The image recognition model architecture in ChatGPT relies on convolutional neural network (CNN) architecture. The CNN consists of the input layer, convolutional layers, pooling layers, fully connected layers (dense layers), and an output layer. In the input layer, the image is resized (e.g., 224 × 224 pixels) and normalized. On the other hand, the convolutional layer consists of filters that scan the image to detect the edges, colors, and textures. The early convolutional layers detect low-level features like color patches and texture, while deeper convolutional layers detect high-level features like shape, symmetry, and field spots. The pooling layers reduce dimensionality while preserving key features. Fully connected layers classify images into categories as good or bad watermelon by using softmax activation probability scores. Lastly, the output layer produces a classification label as either best or worst and highlights the watermelon in the image. The parameters that affect the model performance are the kernel size, stride, activation functions, number of layers, and dropout rate.

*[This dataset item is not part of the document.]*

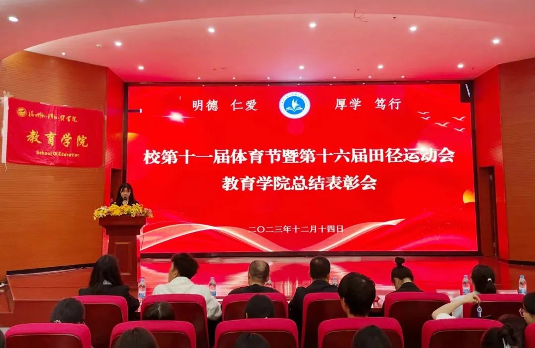 为弘扬敢于拼搏、勇攀高峰的体育精神,表彰在校运动会中表现突出的先进集体和先进个人,更好地搭建我院“运动乐园”平台,12月14日,我院于行政A楼5楼学术报告厅开展校第十一届体育节暨第十六届田径运动会教育学院总结表彰会,学院副院长、分党委书记林业铖副教授,团委负责人、辅导员以及受表彰的学生代表参加了会议。会议由团委田甜老师主持。
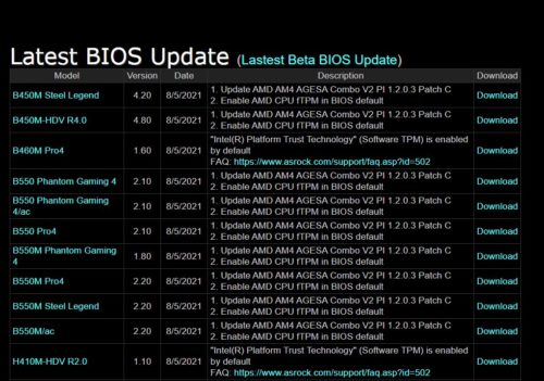 例如,华擎有一份最新的 bios 更新列表。在那里,许多主板目前每天都在更新,并且 TPM(Intel)或 CPU fTPM(AMD)软件默认设置为“启用”。因此,请查看您的制造商或关注相应页面。

Prompts used in ChatGPT (Figure 2);

-: Select best watermelon. Give coordinate. (Attached photograph);
-: Select worst watermelon. Give coordinate. (Attached photograph).

The AI evaluates the color by analyzing the pixel distributions and hue variations, detecting ripeness indicators, such as deep green rinds or yellow ground spots, and aligning with human assessments, where deeper yellow spots suggest longer ripening periods. Shape and size recognition rely on comparing the geometric properties to identify uniformity and symmetry, as irregular shapes can indicate uneven ripening or internal defects. The texture is inferred through surface pattern recognition, where the generative AI analyzes fine-grained details such as vein networks, surface smoothness, or rough patches using edge detection and contrast analysis. In human sensory evaluation, rough or overly shiny surfaces may be associated with under or overripeness. Pattern recognition enables the model to assess striping intensity and uniformity, which often indicate variety-specific ripeness, with well-defined and evenly distributed stripes suggesting optimal growth conditions.

2.2. Sensory Evaluation

The experts used for the watermelon quality assessment were selected in terms of their experience in farming and selling watermelons in the past. The watermelons, both of high quality and low quality, were selected from photographs taken of the store uploaded to ChatGPT.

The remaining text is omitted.